* **What is expected**
Please copy, exactly as written, the span from the first line below to the line that contains "The ratios of", including both, and skip the pictures.

(Records provided Opens)

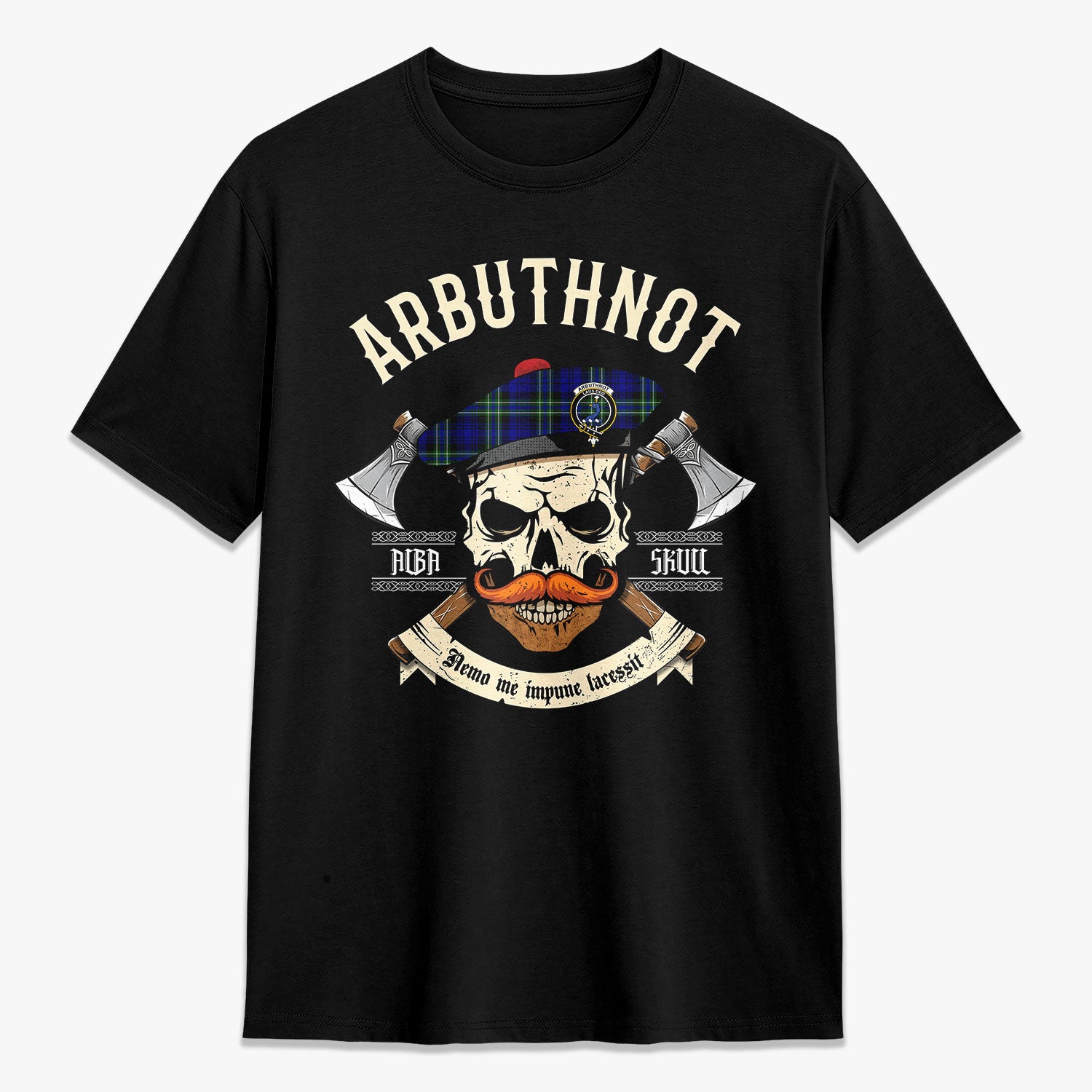 Arbuthnot Modern Tartan Crest 2D T-shirt - Alba Skull Style,
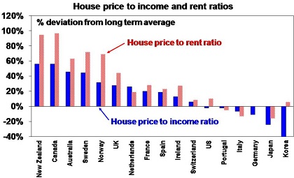 The ratios of house prices to incomes and rents relative to their long-term averages are at the high end of OECD countries.
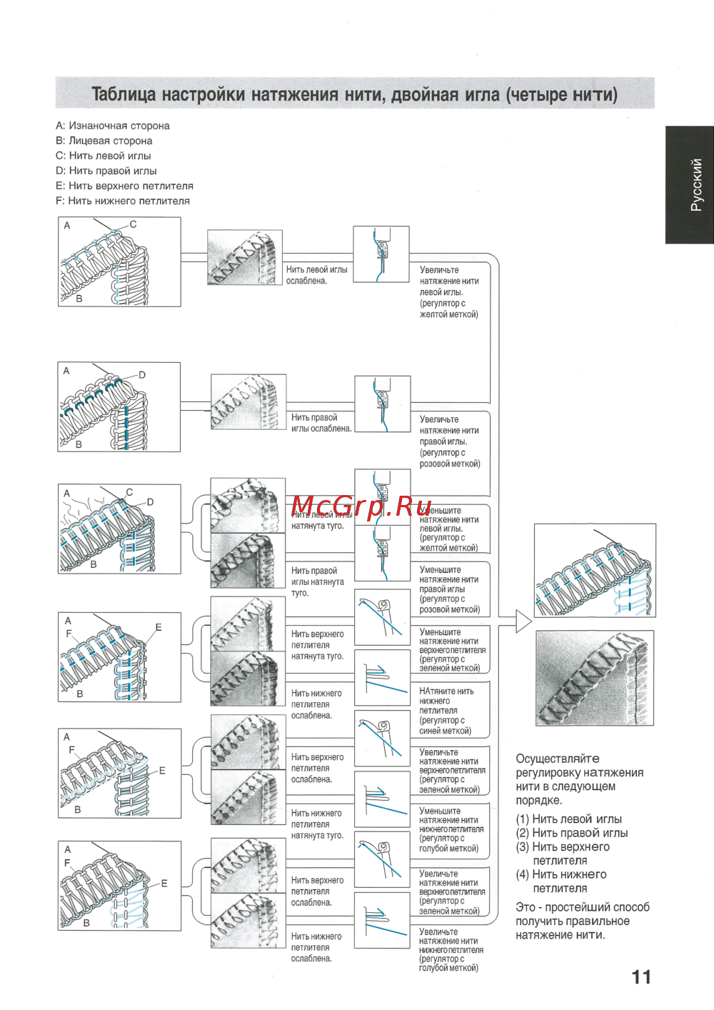 Таблица настройки натяжения нити двойная игла четыре нити А Изнаночная сторона В Лицевая сторона Русский С Нить левой иглы О Нить правой иглы Е Нить верхнего петлителя Е Нить нижнего петлителя Нить левой иглы ослаблена Увеличьте натяжение нити левой иглы регулятор с желтой меткой Нить правой Увеличьте иглы ослаблена натяжение нити правой иглы регулятор с розовой меткой А Ши Нить левой иглы натянута туго Нить правой иглы натянута туго Уменьшите натяжение нити левой иглы регулятор с желтой меткой Уменьшите натяжение нити правой иглы регулятор с розовой меткой Нить верхнего петлителя натянута туго Нить нижнего петлителя ослаблена Уменьшите натяжение нити верхнего петлителя регулятор с зеленой меткой НАтяните нить нижнего петлителя регулятор с синей меткой А Е О1 л Нить верхнего Е петлителя ослаблена Увеличьте натяжение нити верхнего петлителя регулятор с зеленой меткой в Нить нижнего петлителя натянута туго Уменьшите натяжение нити нижнего петлителя регулятор с голубой меткой Нить верхнего петлителя ослаблена Нить нижнего петлителя ослаблена Увеличьте натяжение нити верхнего петлителя регулятор с зеленой меткой Увеличьте натяжение нити нижнего петлителя регулятор с голубой меткой Осуществляйте регулировку натяжения нити в следующем порядке 1 Нить левой иглы 2 Нить правой иглы 3 Нить верхнего петлителя 4 Нить нижнего петлителя Это простейший способ получить правильное натяжение нити 11
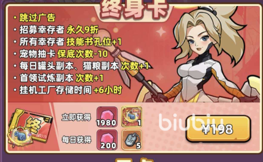 深度付费玩家除必选首充及两大新手礼包外,建议同步开通周卡、月卡与终身卡。周卡提升钞票掉落上限与获取速率,并使挂机收益增加10%;月卡免除广告干扰,每日在常驻卡池享有1次自选招募机会,战斗支持3倍速快进,且经验加速上限提升;终身卡实现广告永久跳过,幸存者招募享9折优惠,宠物抽卡保底次数减少10次,所有幸存者技能书额外增加1个孔位。
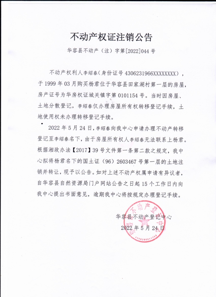 不动产权证书注销公告【(杨君转李绍春)】
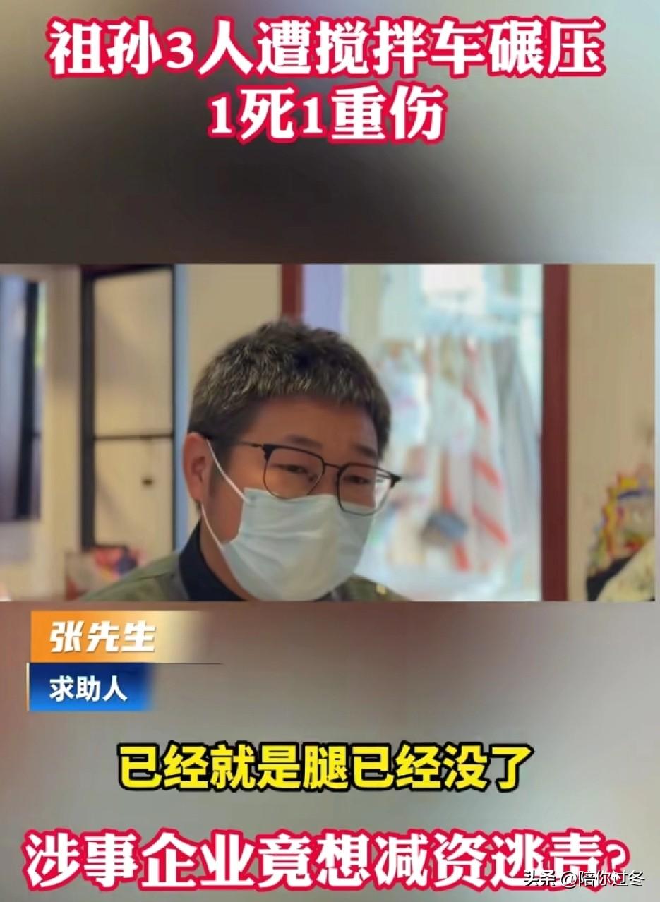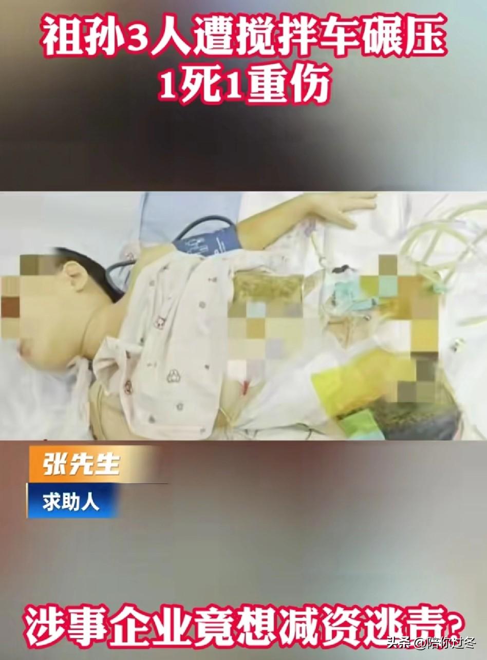 祖孙3人遭搅拌车碾压1死1重伤! 揪心呀!奶奶当场身亡,7岁的姐姐双腿高位截肢,一辈子也算毁了,而涉事方不闻不问,还篡改数据企图躲避赔偿,良心何在呀! 3月31日,据海报新闻报道,上海闵行区的张先生找到记者寻求帮助,他声称去年11月3日,其母亲骑电动车接两个女儿放学的时候遭到了搅拌车的碾压。 母亲当场身亡,7岁的大女儿受伤严重经过20多天的抢救,总算保住了性命,但是双腿已经高位截肢了,一辈子只能坐轮椅了,而6岁的小女儿还算幸运,只受了一些皮外伤。 更让人气愤的是截至到目前为止,涉事方都没有出现,也没有赔偿,所有的费用都是由张先生自己垫付,面对较高的手术费治疗费和康复费,自己已经无力承担了。 事故调查报告显示,搅拌车在右转弯的时候有违规行为,还严重超载了,所以搅拌车被判定为全责。此外交管部门还调查到此辆搅拌车在前一个月内已经连续多次超载。 目前,张先生已经向法院提起了诉讼,可万万没想到的是,就在立案后的第12天,涉事公司还玩起了“偷梁换柱”,把2000万的公司注册资金,偷偷的改成了50万,想以此减少赔偿。 像这种没有良心的公司必须严惩,还死者一个公道,该赔偿的钱一分也不能少,希望法律会作出公平公正的裁决。幼童遭车辗轧 儿童遭碾压
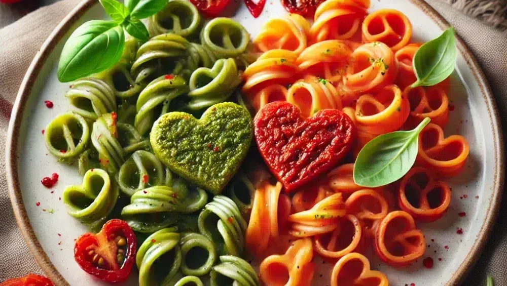 Der Valentinstag ist eine besondere Gelegenheit, Zeit mit einer geliebten Person zu verbringen und die Liebe in romantischer Atmosphäre zu feiern. Was könnte besser sein als ein gemeinsames Abendessen, das nicht nur das Auge, sondern auch den Gaumen erfreut? Valentinstags-Pasta mit Pesto ist die perfekte Wahl für diesen Tag. Dieses Gericht ist einfach, aber äußerst beeindruckend – die Kombination aus grünem Rucola- oder Basilikum-Pesto und rotem Pesto schafft einen wunderschönen Kontrast auf dem Teller, der an die Farben der Liebe erinnert. Die zarten Aromen der frischen Zutaten machen das Abendessen nicht nur romantisch, sondern auch gesund und leicht.
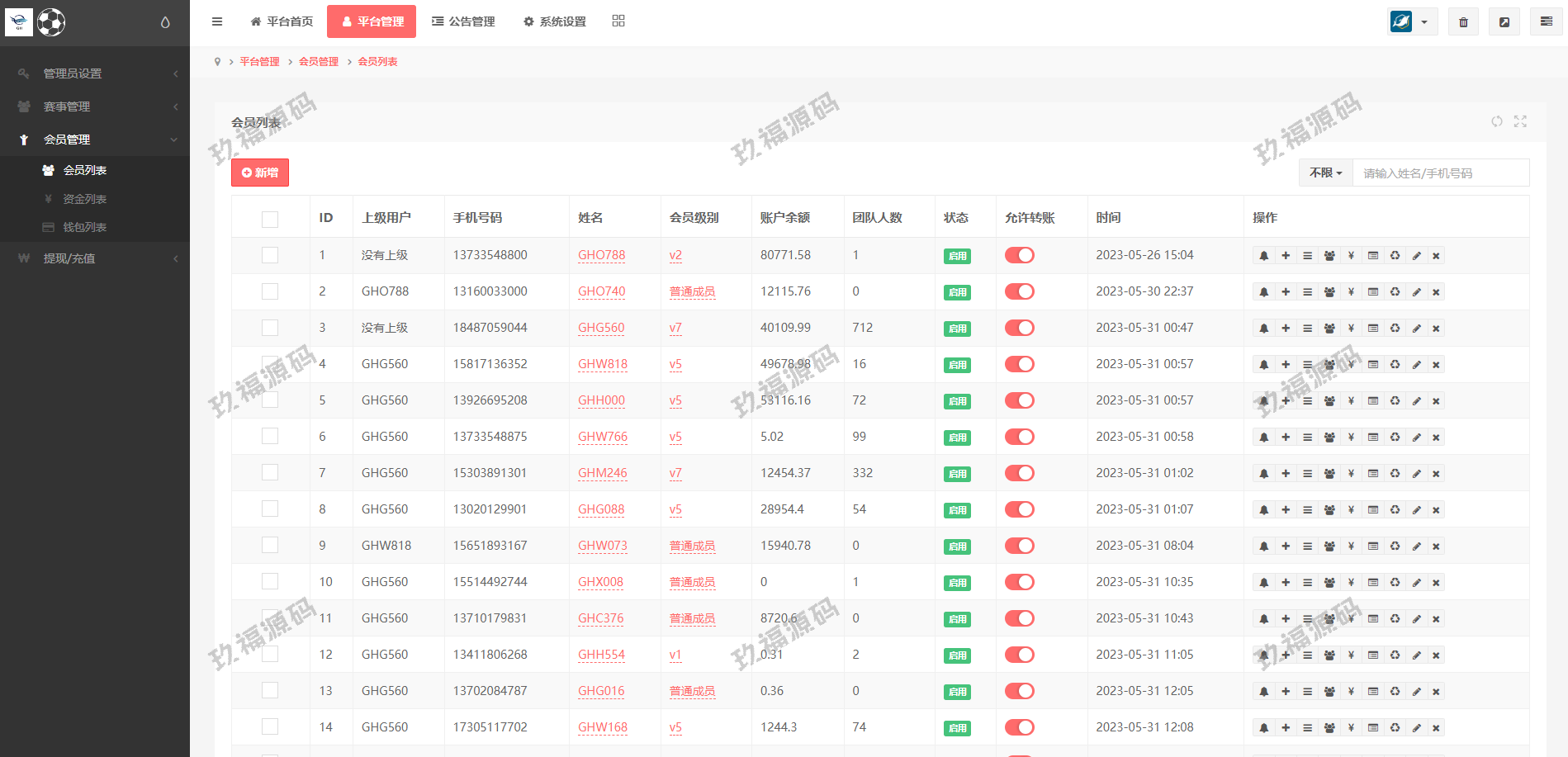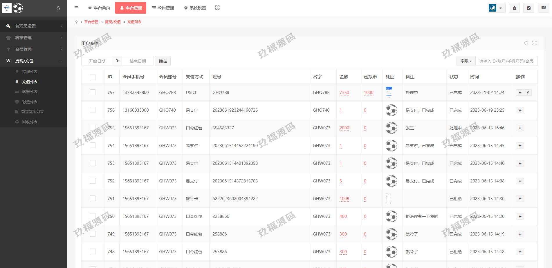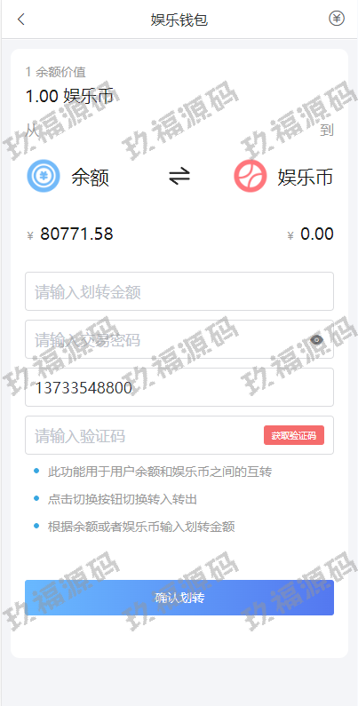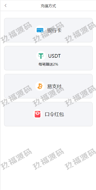 支持用户余额互转,充值方式有银行卡、usdt、口令红包、易支付,ng钱包互转余额,后台带回收功能
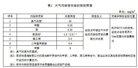 (2)自本標(biāo)準(zhǔn)實(shí)施之日起,紡織染整企業(yè)大氣污染物無(wú)組織排放監(jiān)控點(diǎn)濃度限值應(yīng)符合表2規(guī)定。
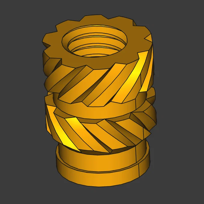 ⚠ Không dùng để in. Đây thuần túy chỉ là tham chiếu về hình ảnh và kích thước để giúp bạn định hướng khi thiết kế các chi tiết cần tích hợp tán cấy nhiệt M3. Để đạt kết quả tốt nhất, bạn hãy dùng mô hình này để canh chỉnh, chọn kích thước hoặc lên kế hoạch lắp đặt tán cấy vào dự án của mình.

(Records provided Closes)

* **Problem solution**
 Arbuthnot Modern Tartan Crest 2D T-shirt - Alba Skull Style,
 The ratios of house prices to incomes and rents relative to their long-term averages are at the high end of OECD countries.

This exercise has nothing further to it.